Thank you! Gonna check it out by the weekend.

alfredbaudisch commented 3 years ago

@rockchalkwushock I committed the final changes needed to make the feature work. My changes also answer your last questions.

I greatly simplified repository_providers/git.ex, and added the necessary fixes/additions to make it correctly work with :root_path and with the existing path/non-existing conditions.

RepositoryWatcher is loaded and started only in case a remote_repository_url is provided.

FileWatcher correctly ignores .git files and do not send files to be rebuilt in case of no changes in the content itself.

Do you want to add something more? If no, then it is ready to be merged.
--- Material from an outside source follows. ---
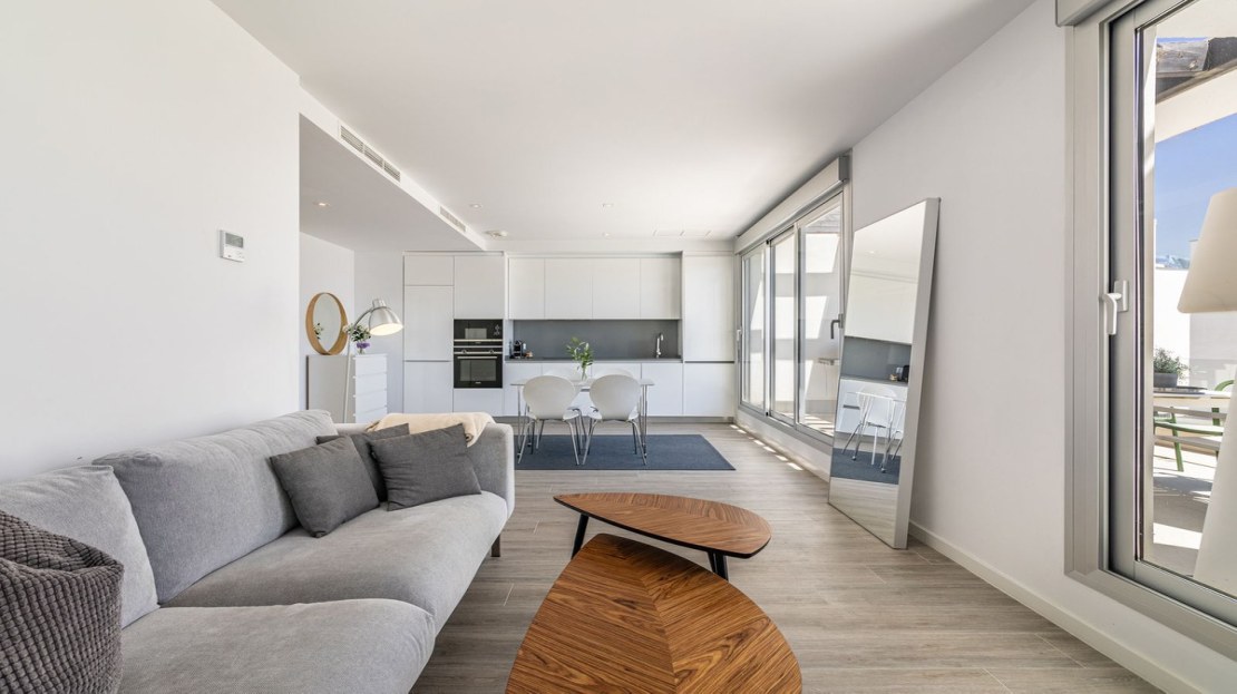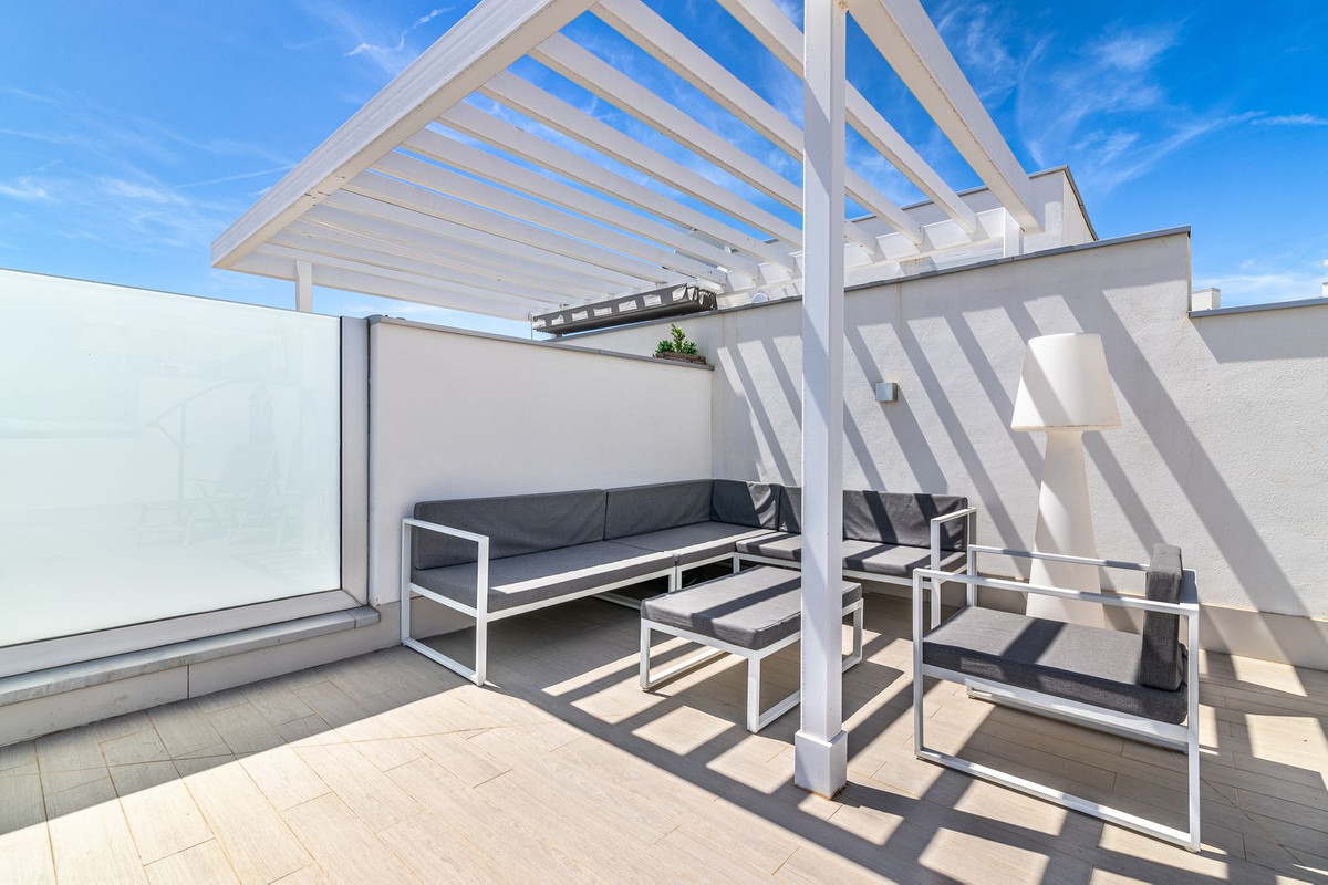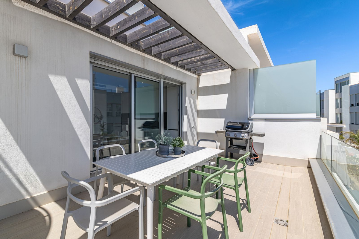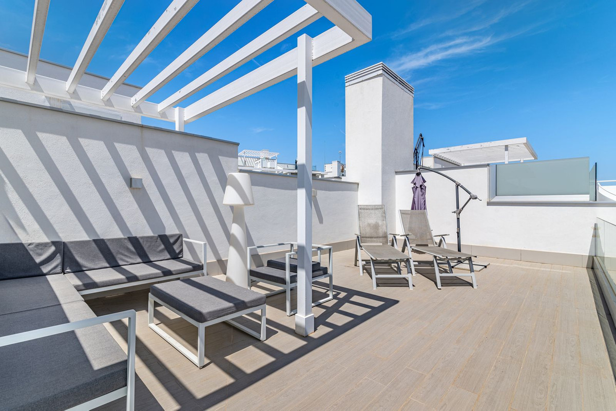 From the living room, you have direct access to a generous balcony, ideal for outdoor dinners and barbecues. The balcony leads further to an exclusive rooftop terrace that offers sun all day long. Here you will also find a stylish pergola that provides pleasant shade during the hottest hours.
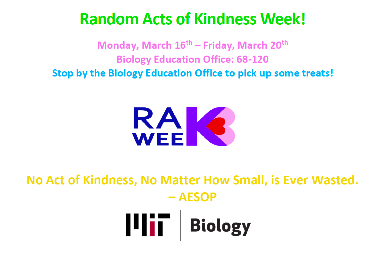 This week is Random Acts of Kindness Week. We welcome you to stop by the Biology Education Office, 68-120, to grab some snacks.

The CI build fail is not related to this feature, so we can ignore it.

rockchalkwushock commented 3 years ago

@alfredbaudisch looking at this now

rockchalkwushock commented 3 years ago

@alfredbaudisch everything looks great! Good catch with the hidden files I had not considered that. I also was racking my brain with how to conditionally start the RepositoryWatcher if no remote_url was provided. My JavaScript brain kept saying if/else...still learning how to think the "Elixir Way". Thanks for all your help with getting this to the finish line.

Merge when ready

alfredbaudisch commented 3 years ago

@rockchalkwushock well done. Published https://hex.pm/packages/pardall_markdown/0.4.0 - you are also mentioned in the README and the README has instructions regarding to this new feature.